Before it was the sparse exterior he loathed; now it's just the _silence _of the place. Todd would tear out every piece of furniture in the whole school if_ He_ could come back and fill the building to the brim with the laughter and passion and warmth and spirit that had soaked into every stone.

Now it's all gone _/And never coming back/ _the loss is so keen that Todd can physically _feel _the ache throbbing in his gut around about the place he used to experience excitement and joy and all those other emotions that have faded away since then.

Instead now all he has is guilt and pain and anger: guilt he should have done more, pain that he's gone and anger at the school, at Mr Perry, at Nolan. On rare moments when there's a spare space in his mind, a fraction of Todd is even angry at _Neil_: Couldn't he have waited, biding his time? Faced his father? Above all of that is the betrayal, how could Neil – so full of life, who had so much to live for – give up like that, leave Todd like that?
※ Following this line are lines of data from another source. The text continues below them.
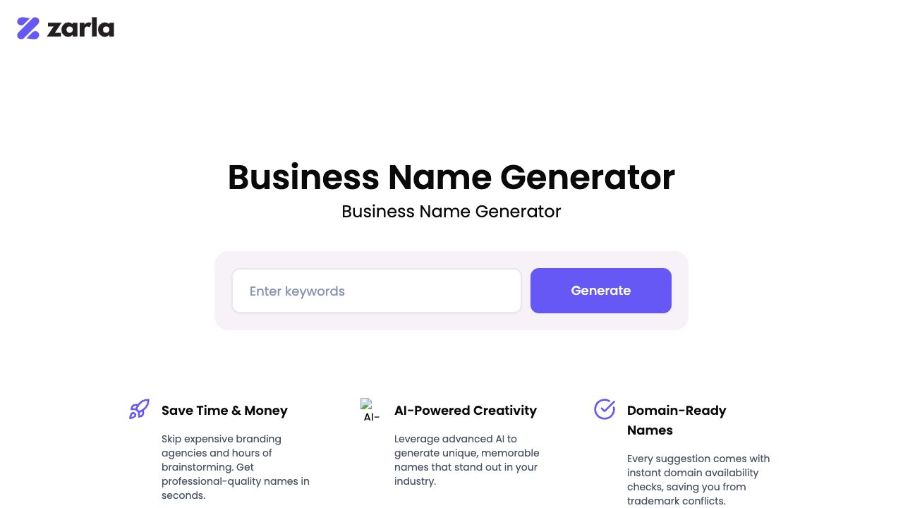 - AI Business Name Generator functionalityAI Business Name Generator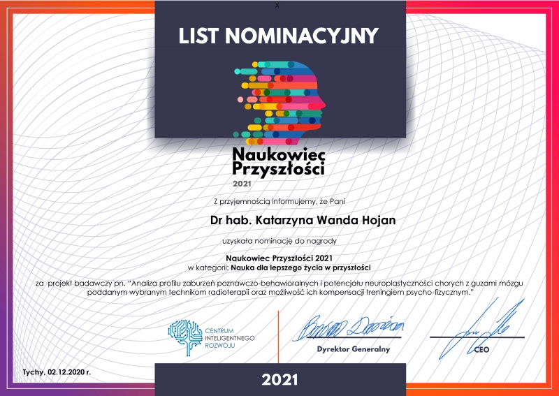 - Dr hab. Katarzyna Hojan z Zakładu Terapii Zajęciowej otrzymała nominację za projekt badawczy pn. "Analiza profilu zaburzeń poznawczo-behawioralnych i potencjału neuroplastyczności chorych z guzami mózgu poddanym wybranym technikom radioterapii oraz możliwość ich kompensacji treningiem psycho-fizycznym".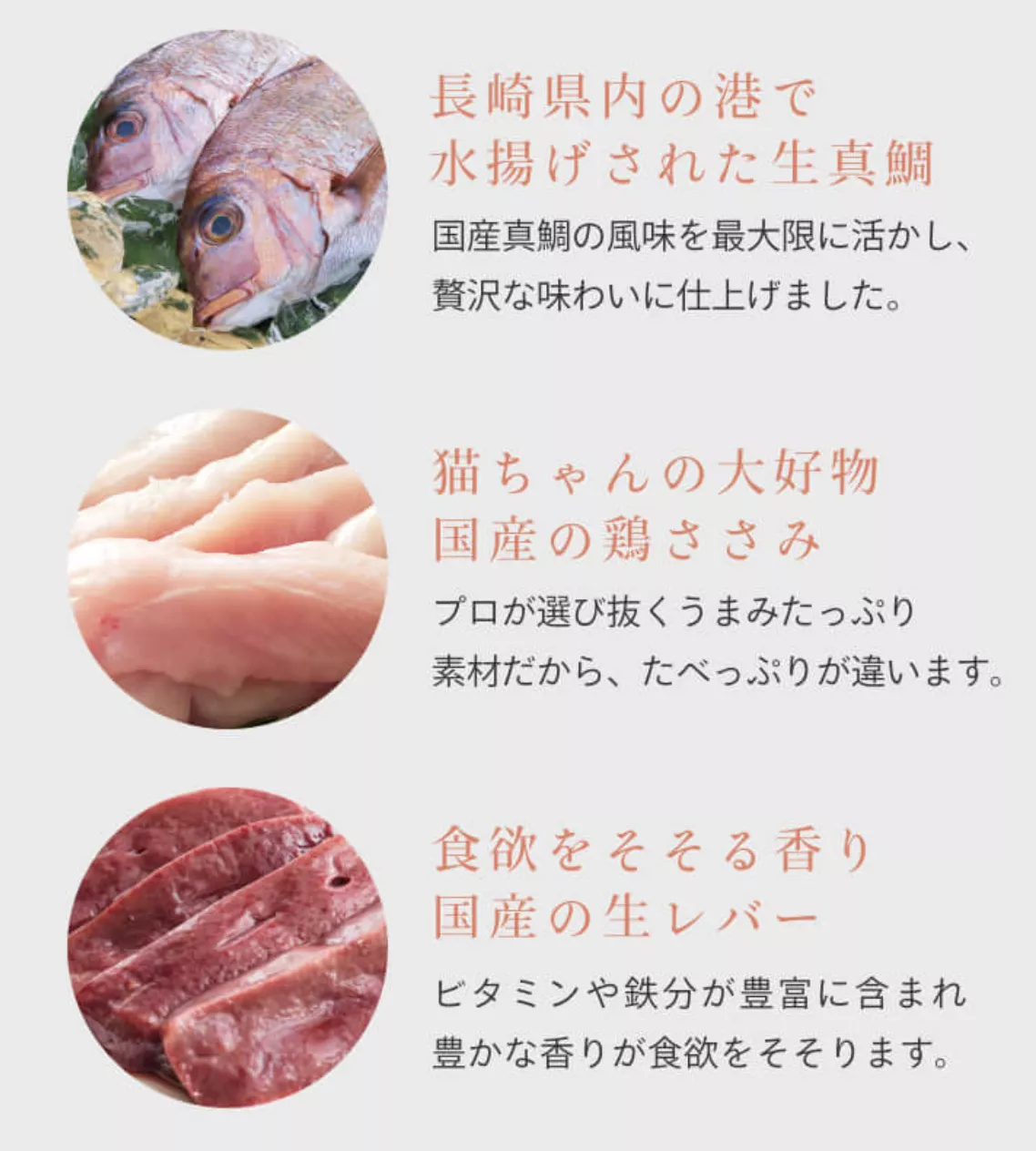 犬猫生活の猫用ピューレには、長崎県内の港で水揚げされた真鯛や国産の鶏ささみ、国産の生レバーが使われています。風味やうま味を最大限生かした製法でタンパク質やビタミン、鉄分をバランスよく取ることができます。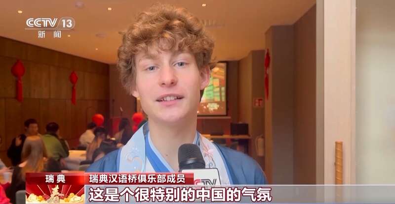 瑞典汉语桥俱乐部成员:我觉得(春晚)气氛很好,我觉得在瑞典没有这个气氛,这是个很特别的中国的气氛。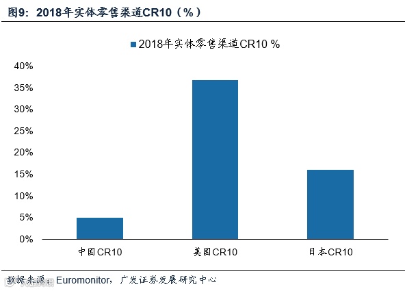 市场结构的成熟度与经济发展阶段有关,目前中国的经济发展阶段来说,大部分行业的行业集中度提升仍有空间。以实体零售渠道为例,中国CR10已由2013年的4.2%上升至2018年的5.0%;而2018年美国实体零售渠道CR10为36.8%。
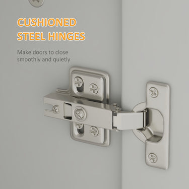 - • Equipped with soft-close hinges, making doors to close smoothly and quietly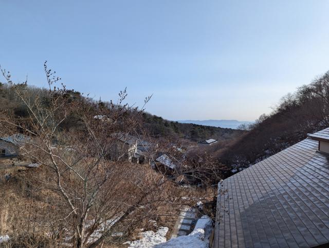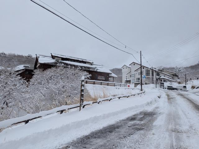There was light snow in Takayu Onsen this morning. The temperature was 4°C and there was no wind.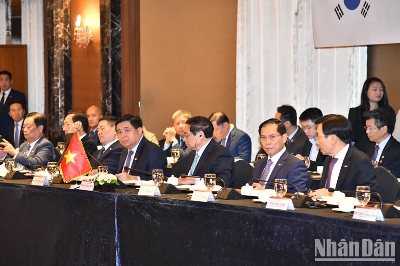 Phát biểu ý kiến mở đầu cuộc Toạ đàm, Thủ tướng Phạm Minh Chính đánh giá, quan hệ Việt Nam-Hàn Quốc chưa bao giờ tốt đẹp như hiện nay, trong đó, quan hệ kinh tế, thương mại và đầu tư phát triển mạnh mẽ. Hiện có khoảng 300 nghìn người Việt Nam đang sinh sống, làm việc, học tập tại Hàn Quốc. Quan hệ hai nước phong phú, đa dạng.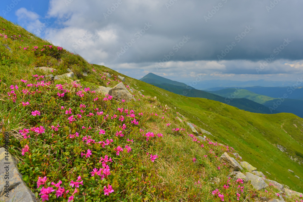 Rhododendron in summer mountains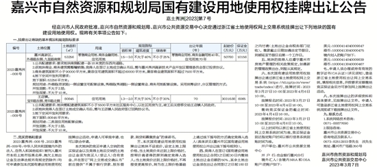 嘉兴市自然资源和规划局国有建设用地使用权挂牌出让公告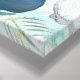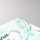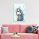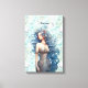 Una hermosa sirena con cabello azul largo y fluido sobre un fondo de teal con un patrón de concha y fronda.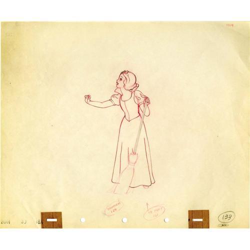 <B>Marc Davis - "Snow White and the Seven Dwarfs" Animation Production Drawing Original Art (Disney, 1937).</B></I> Snow White enchants in this animation production drawing from the first full-length animated feature film to incorporate both color and sound (OPD #133). Rendered and initialed by one of Disney’s Nine Old Men, Marc Davis, in graphite and red pencil on a 12 field sheet of animation paper (12" x 10"), the art includes Disney studio stamps. There is some paper tanning, and light edge wear; otherwise the condition is Very Good.<BR><BR><b>Shipping:</b> Flat Material, Small (<a target="_blank" href="http://www.heritageauctions.com/common/shipping.php">view shipping information</a>)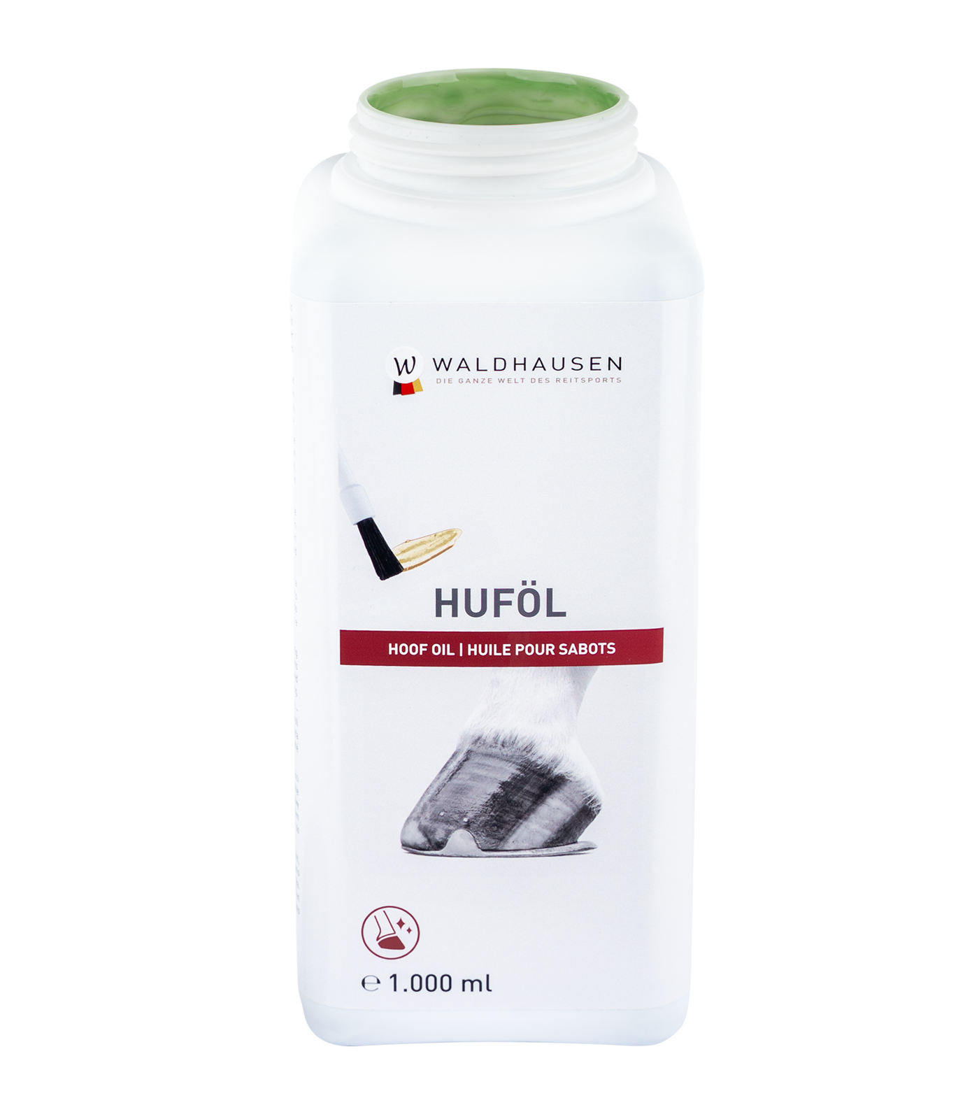 For the care of dry and brittle hoofs. Promotes growth and the elasticity of the horn tissue. Includes brush.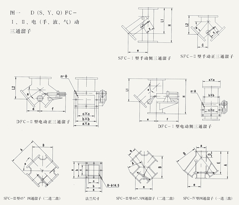 本阀主要由阀体、阀轴、阀板、曲柄机构、电动推杆(电液动推杆或手动机构)等组成。工作时电、液动推杆的直线往复运动,(手动由外力)通过曲柄带动阀轴、阀板作一定角度的摆动,从而达到控制物料流向,分送物料之目的。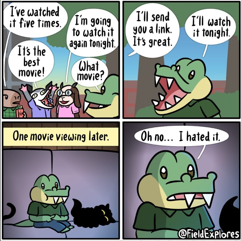 FieldExplores describes themselves simply as “your average video game enthusiast who draws lots of silly things” In a Reddit r/comics feature, the artist—also known affectionately as Grandma Field—explains that while they began with video game fan content (Mario, Pokémon), they eventually shifted to their creations: a loving animated crocodile duo and their friends reddit.com. These comics focus on themes like the generation gap in gaming, family bonding, navigating emotions, and small-but-significant life experiences.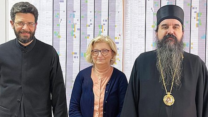 Владику Јеротеја су дочекали в.д директора Драгана Таталовић и вероучитељица Милана Ивковић са сарадницима. У срдачном разговору са директором Десете гимзаије епископ Јеротеј се упознао са начином организовања и извођења верске наставе, као и радом школе која је добила акредитацију за увођење програма Интернационалне дипломе (International Baccalaureate Diploma Programme – IBDP) и тако постала прва и за сада једина државна школа у Београду ауторизована да спроводи тај образовни програм.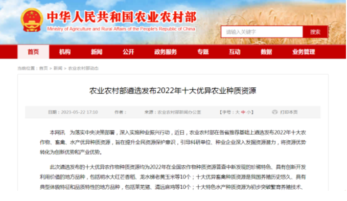 為落實(shí)中央決策部署,深入實(shí)施種業(yè)振興行動,近日,農(nóng)業(yè)農(nóng)村部在各省推薦基礎(chǔ)上遴選發(fā)布2022年十大農(nóng)作物、畜禽、水產(chǎn)優(yōu)異種質(zhì)資源,旨在提升全民資源保護(hù)意識,引導(dǎo)科研單位、種業(yè)企業(yè)深入發(fā)掘資源潛力,將資源優(yōu)勢轉(zhuǎn)化為創(chuàng)新優(yōu)勢和產(chǎn)業(yè)優(yōu)勢。

After all how was he meant to manage now? Soldier through every day; endure lessons and exams and gruelling sports without him? How can Todd wake up every day in this empty room without wanting to tear out of Hellton and run and run until he too keels over and takes the only escape left? Didn't Neil realise what he had done to him, to Keating, to all of them?

But when Todd's mind wanders too far down that path the guilt sets in /_I should have done more. Given more/ _and the cycle begins again.

But even so, through all these recent weeks of mind numbing pain and loneliness the question remains: If he could barely manage with Neil to pull him through, what would the battle be like alone?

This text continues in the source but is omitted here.